Now, The Grey felt we should take this all in our stride. ‘These things have a way of working out,’ he says cheerfully! Meanwhile I am having sleepless nights, panic attacks and decide to seek therapy. I also go into my ‘danger prevention’ mode and frantically start trying to find somewhere to live in Suffolk. Very reasonably I start screaming tales of woe at estate agents, solicitors, friends, my Alexander Technique teacher and anyone else who will listen. In short I am going mad and the indicator on the stress-o-meter has pinged off into space and down a black hole never to return.
Two frantic darts up to Suffolk to look at short term rentals and we reluctantly decided to go for a house in Hadleigh mainly because we can get a six month let on it while most rentals are 12 months minimum these days. Apart from that, and some vain hope of fitting all our furniture and paraphernalia in, it did not have much to recommend it.
On viewing the house it looked like the drug squad had just ploughed their way through the place leaving no drawer unemptied and no piece of flooring showing. The kitchen was something else. This family clearly only ever eat from food that has been immersed in a deep fat fryer. The smell of stale fat was disgusting and much dirt held by a layer of grease covered every surface. It was at this point the agent looked apologetic and said that the house would be cleaned throughout and redecorated before we moved in. Stupidly I believed him. The Grey laughed nervously.
Was there a carpet in the lounge? I asked myself after viewing this four bedroomed Wendy house. Whilst I might be away with the fairies at the moment, I’m certainly not a shrunken Alice in Wonderland and the mad hatter’s tea party have already trashed the joint.

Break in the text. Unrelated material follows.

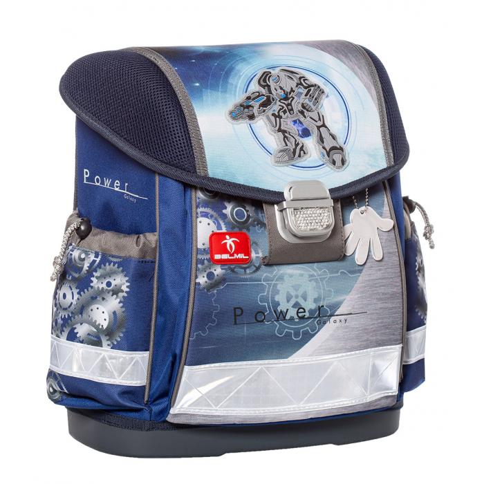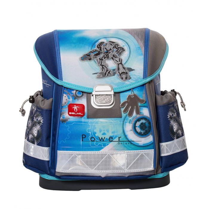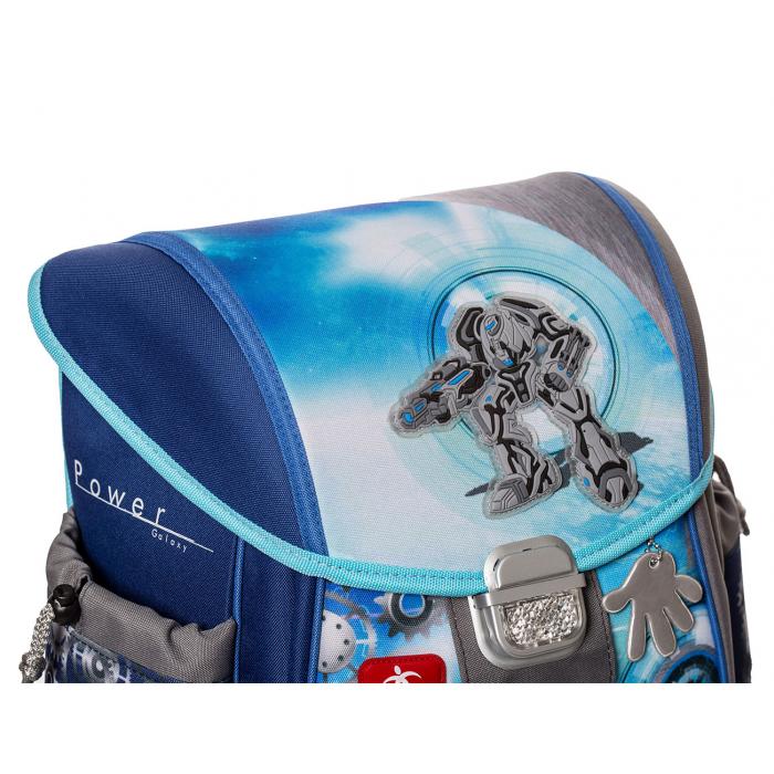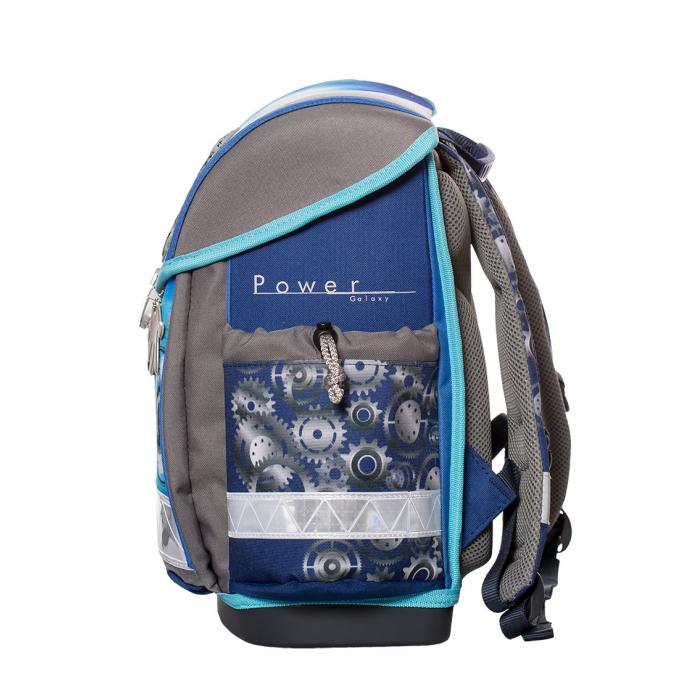 Lehký školní batoh (1000g) Power Galaxy s mnoha funkčními prvky. Vyroben z vysoce kvalitního, pevného a nepromokavého materiálu. Zesílená konstrukce a pevné dno pro lepší stabilitu. Ergonomicky tvarovaná polstrovaná záda a ramenní popruhy. Gumová rukojeť, poutko pro zavěšení. Spolehlivý a snadno použitelný kovový zámek. Reflexní prvky na všech stranách pro větší bezpečnost a viditelnost.

I spent the next few nightmares trying to cram oversized beds into undersized bedrooms and working out that the lounge would need to house, at the very least, two sofas, one large dining table, a large dresser, a chest, TV and an armchair, leaving it looking like Furniture Village on a sale day.
Meanwhile The Grey has been moved by the plight of the Syrians pouring out of their war torn country and felt we should do our bit to help. ‘Perhaps we could accommodate a family?’

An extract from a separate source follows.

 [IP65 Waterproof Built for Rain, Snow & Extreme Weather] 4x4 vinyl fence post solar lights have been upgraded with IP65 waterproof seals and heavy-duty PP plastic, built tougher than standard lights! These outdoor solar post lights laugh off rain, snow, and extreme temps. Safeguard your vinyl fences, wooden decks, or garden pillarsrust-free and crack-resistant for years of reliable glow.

So let’s sum up where we are:
- One Wendy House
- Lots of furniture and ‘stuff’
- One Syrian family
- Me and The Grey (hardly worth mentioning)
We did consider getting a smaller house to rent and putting some of our life baggage in storage. But the cost of storage varied from astronomical (the removal company quotes: ‘yes, it will all be safe and secure at our Rye depot, many miles from where you actually are..?’) to very reasonable from Farmer Giles in Sudbury (who’s got a bit of a side-line going: ‘I’d tell you more missus but I’m standing in the middle of a field at the moment. But don’t worry, if we’re still full up when the time comes my mate Bill will help you out.’) All so reassuring.
Anyway, never mind all that, it’s time to pack for our holiday. Now where are we going?